Forget China – it's the American economic system that is broken – Robert Reich | Opinion


Xi Jinping could perhaps agree next weekend on further measures to reduce China's trade imbalance with the United States, giving Donald Trump a way to save his trade war.

But Xi will not accept to change the Chinese economic system. Why should it?

The American economic system is focused on maximizing shareholder returns. And it is achieving this goal: the S & P 500 reached its new all-time high on Friday.

But the average Americans have not seen significant gains in their incomes for four decades, adjusted for inflation.

The Chinese economic system, on the other hand, focuses on maximizing China. And it is achieving this goal. Quarant years ago China was still backward and agrarian. Today it is the second largest economy in the world, home to the largest automotive industry in the world and some of the most powerful technology companies in the world. Over the past forty years, hundreds of millions of Chinese have been taken out of poverty.

The two systems are fundamentally different.

At the heart of the American system there are 500 giant companies based in the United States, but which produce, buy and sell items all over the world. Half of the employees are non-American, located outside the United States. One third of their shareholders is non-American.

These giant corporations have no particular allegiance to America. Their only loyalty and responsibility is for their shareholders.

They will do whatever it takes to get their share prices as high as possible, including keeping wages low, fighting unions, reclassifying employees as independent contractors, outsourcing around the world where parts are cheaper, shifting their profits to all the world wherever taxes are lower and paying ridiculous sums to their high CEOs.

At the heart of the Chinese economy, on the contrary, it is state-owned companies that take loans from state-owned banks at artificially low rates. These state-owned companies balance the ups and downs of the economy, spending more when private companies are reluctant to do so.

They are also engines of economic growth that make capital-intensive investments that China needs to thrive, including investments in cutting-edge technologies.

China's state planners and companies will do everything necessary to improve the well-being of the Chinese people and become the largest and most powerful economy in the world.
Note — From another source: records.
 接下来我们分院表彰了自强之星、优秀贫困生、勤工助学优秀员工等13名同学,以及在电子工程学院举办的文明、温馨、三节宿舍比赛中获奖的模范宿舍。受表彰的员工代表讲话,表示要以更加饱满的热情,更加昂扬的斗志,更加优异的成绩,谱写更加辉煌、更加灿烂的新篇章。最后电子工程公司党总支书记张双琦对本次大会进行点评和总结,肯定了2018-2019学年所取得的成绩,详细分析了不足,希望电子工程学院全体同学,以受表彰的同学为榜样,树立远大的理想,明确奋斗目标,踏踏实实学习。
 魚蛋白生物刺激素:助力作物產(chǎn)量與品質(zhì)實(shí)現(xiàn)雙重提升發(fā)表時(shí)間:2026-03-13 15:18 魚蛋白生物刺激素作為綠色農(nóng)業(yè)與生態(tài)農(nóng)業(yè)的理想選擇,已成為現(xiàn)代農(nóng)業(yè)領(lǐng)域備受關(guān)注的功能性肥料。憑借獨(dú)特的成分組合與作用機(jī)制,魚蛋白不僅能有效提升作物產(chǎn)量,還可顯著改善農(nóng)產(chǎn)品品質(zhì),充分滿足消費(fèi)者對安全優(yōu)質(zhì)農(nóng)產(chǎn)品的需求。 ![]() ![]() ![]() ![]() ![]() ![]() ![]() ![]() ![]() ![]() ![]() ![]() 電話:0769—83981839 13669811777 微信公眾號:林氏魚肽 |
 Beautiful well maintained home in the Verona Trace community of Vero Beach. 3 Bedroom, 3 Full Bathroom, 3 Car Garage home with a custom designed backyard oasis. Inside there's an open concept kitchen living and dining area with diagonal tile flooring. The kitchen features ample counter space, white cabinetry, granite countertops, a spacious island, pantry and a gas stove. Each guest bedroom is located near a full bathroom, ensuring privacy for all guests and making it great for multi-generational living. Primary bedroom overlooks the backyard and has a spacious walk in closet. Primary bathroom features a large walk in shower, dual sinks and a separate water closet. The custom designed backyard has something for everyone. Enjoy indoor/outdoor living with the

Since 1978, the Chinese economy has grown on average by more than 9% a year. Growth has slowed recently and US tariffs could bring it to 6% or 7%, but it is still faster than almost all the other economies in the world, including the United States.

The American system is based on taxes, subsidies and regulations to convince companies to act in the interest of the American public. But these levers proved to be weak compared to the corporate goal of maximizing shareholder returns.
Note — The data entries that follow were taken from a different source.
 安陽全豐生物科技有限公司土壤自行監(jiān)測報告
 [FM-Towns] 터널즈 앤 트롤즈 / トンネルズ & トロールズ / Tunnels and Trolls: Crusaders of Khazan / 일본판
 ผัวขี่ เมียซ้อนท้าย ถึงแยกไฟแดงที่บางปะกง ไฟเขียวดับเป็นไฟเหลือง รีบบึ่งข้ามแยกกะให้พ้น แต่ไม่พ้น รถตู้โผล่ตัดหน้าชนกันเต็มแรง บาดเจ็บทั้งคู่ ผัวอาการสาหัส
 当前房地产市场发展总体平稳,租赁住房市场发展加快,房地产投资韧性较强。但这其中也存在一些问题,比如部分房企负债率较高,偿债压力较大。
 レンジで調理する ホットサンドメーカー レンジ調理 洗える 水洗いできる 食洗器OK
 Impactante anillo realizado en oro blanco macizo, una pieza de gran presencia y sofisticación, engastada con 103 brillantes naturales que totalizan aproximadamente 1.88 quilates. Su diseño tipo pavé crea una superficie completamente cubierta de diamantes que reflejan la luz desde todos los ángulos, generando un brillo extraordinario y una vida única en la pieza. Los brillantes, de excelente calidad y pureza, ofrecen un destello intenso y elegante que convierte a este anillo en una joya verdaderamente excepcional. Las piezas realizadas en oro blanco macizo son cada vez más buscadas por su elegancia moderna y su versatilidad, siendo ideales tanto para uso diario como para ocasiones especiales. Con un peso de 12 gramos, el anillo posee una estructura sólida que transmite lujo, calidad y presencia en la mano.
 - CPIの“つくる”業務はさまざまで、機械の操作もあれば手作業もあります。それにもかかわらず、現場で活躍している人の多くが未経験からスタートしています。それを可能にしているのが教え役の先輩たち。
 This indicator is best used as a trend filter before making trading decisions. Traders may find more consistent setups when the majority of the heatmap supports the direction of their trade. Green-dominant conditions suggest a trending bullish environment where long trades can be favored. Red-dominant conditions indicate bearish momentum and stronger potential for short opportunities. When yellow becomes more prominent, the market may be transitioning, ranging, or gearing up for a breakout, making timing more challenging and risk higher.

Last week, for example, Walmart, the largest US employer, announced that it would fire 570 employees, despite taking home more than $ 2 billion out of courtesy of Trump and the cuts in republican corporate taxes. Last year, the company closed dozens of stores at Sam's Club, leaving thousands of Americans out of work.
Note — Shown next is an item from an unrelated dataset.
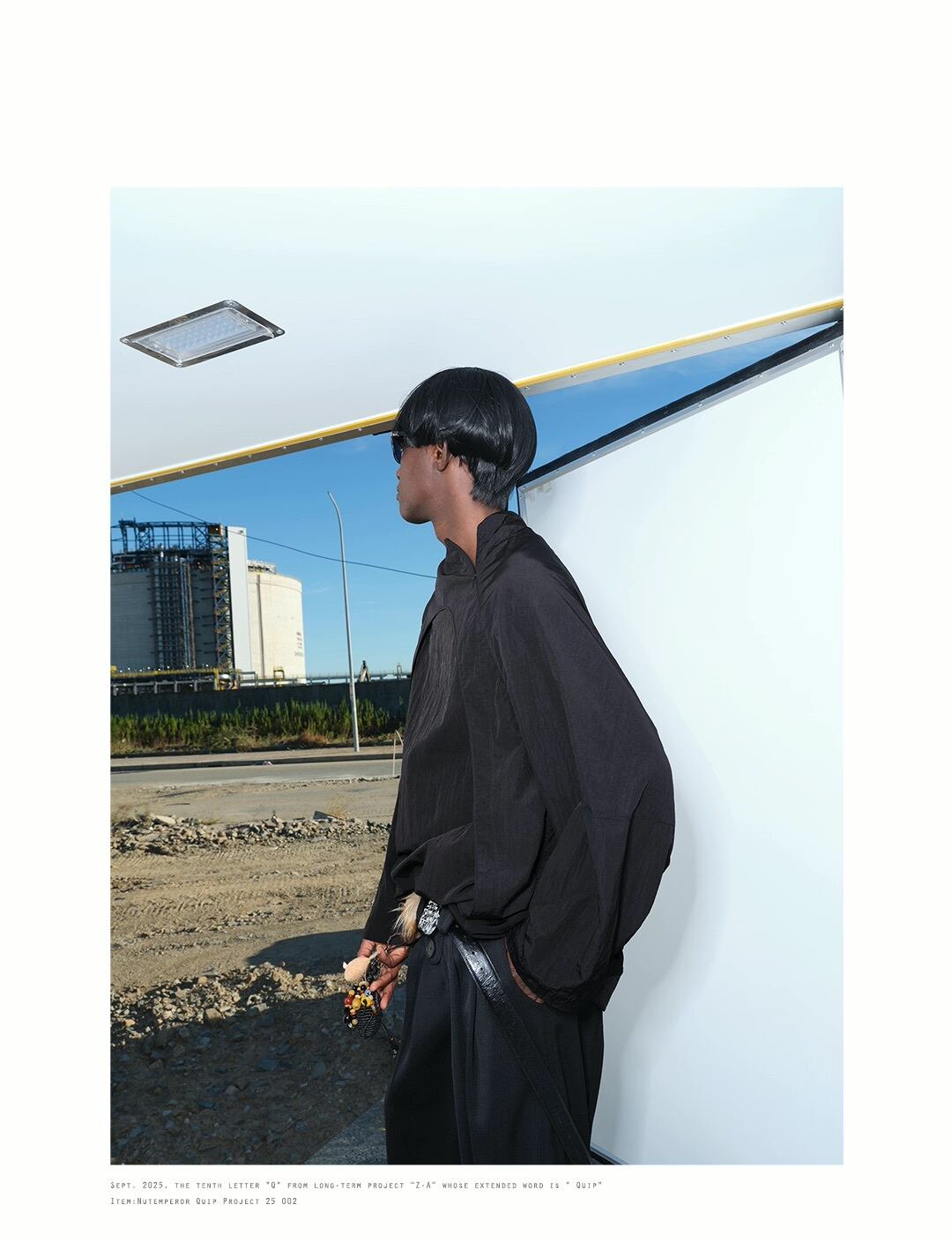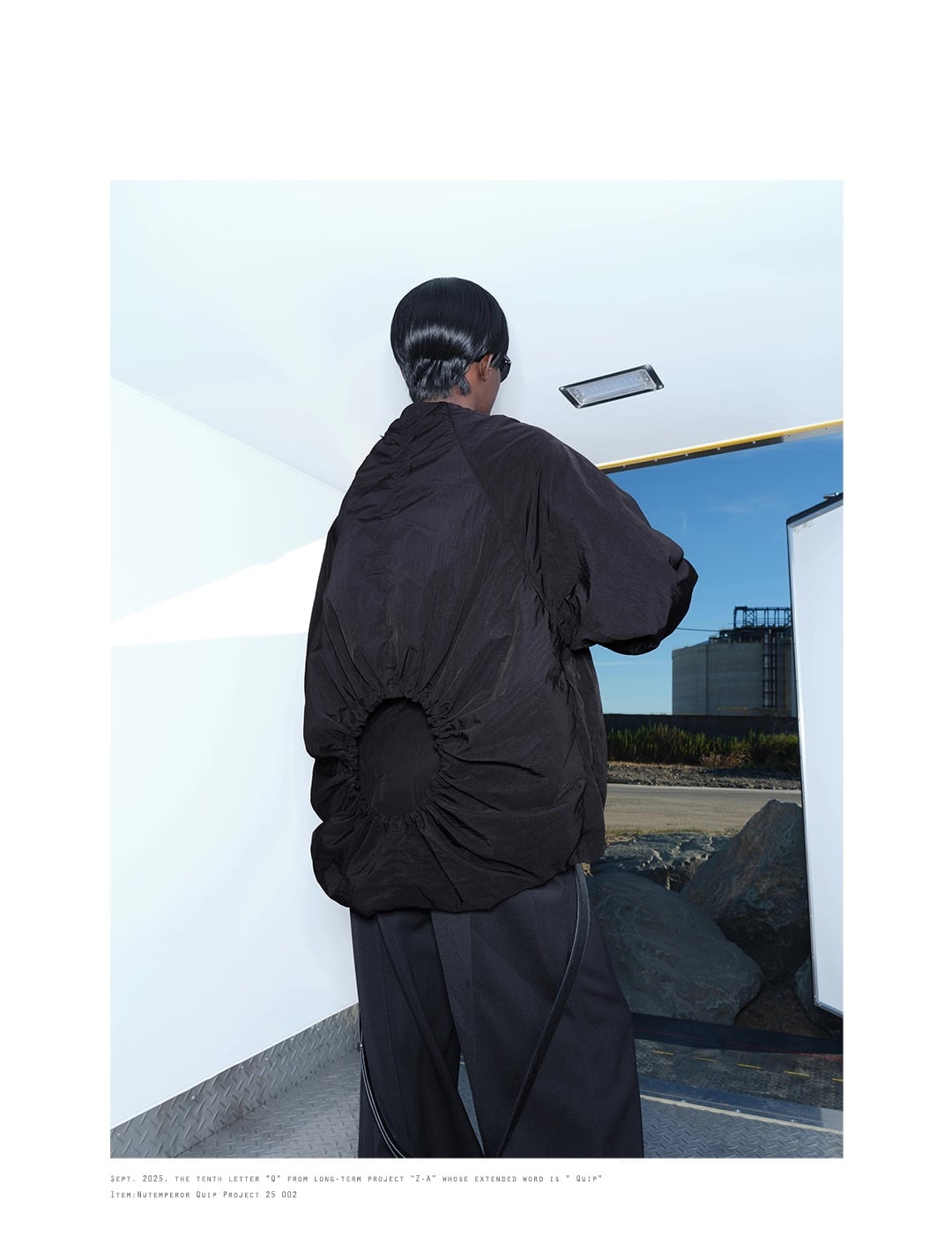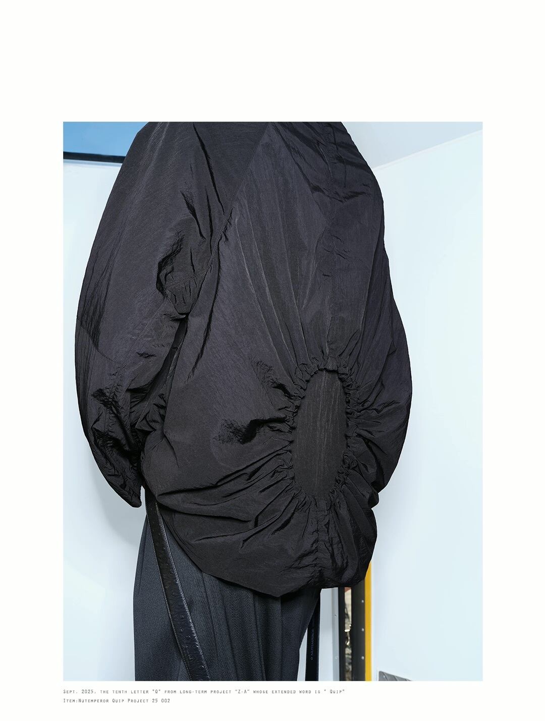 ゆったりとしたオーバーサイズのシルエットと、ポリエステル・ナイロン混紡のしなやかな生地が、ドレープ感のあるモードなスタイルを演出します。

At the same time, Walmart has invested more than 20 billion dollars in shares to buy treasury shares, which increases the pay of Walmart executives and enriches wealthy investors, but does nothing for the economy.

It should be noted that Walmart is a global company, not opposed to bribing foreign officials to get its way. On Thursday has agreed to pay $ 282 million to resolve federal charges of foreign bribery, including the channeling of over $ 500,000 to a broker in Brazil known as a "magician" for his ability to make construction permit problems disappear.

Throughout the US economy, Trump's tax cuts have squatted for jobs and salaries, but it has gone well for corporate executives and big investors. Instead of reinvesting the savings into their businesses, i International Monetary Fund reports that companies have used it to repurchase shares.

But wait. America is a democracy and China is a dictatorship, right?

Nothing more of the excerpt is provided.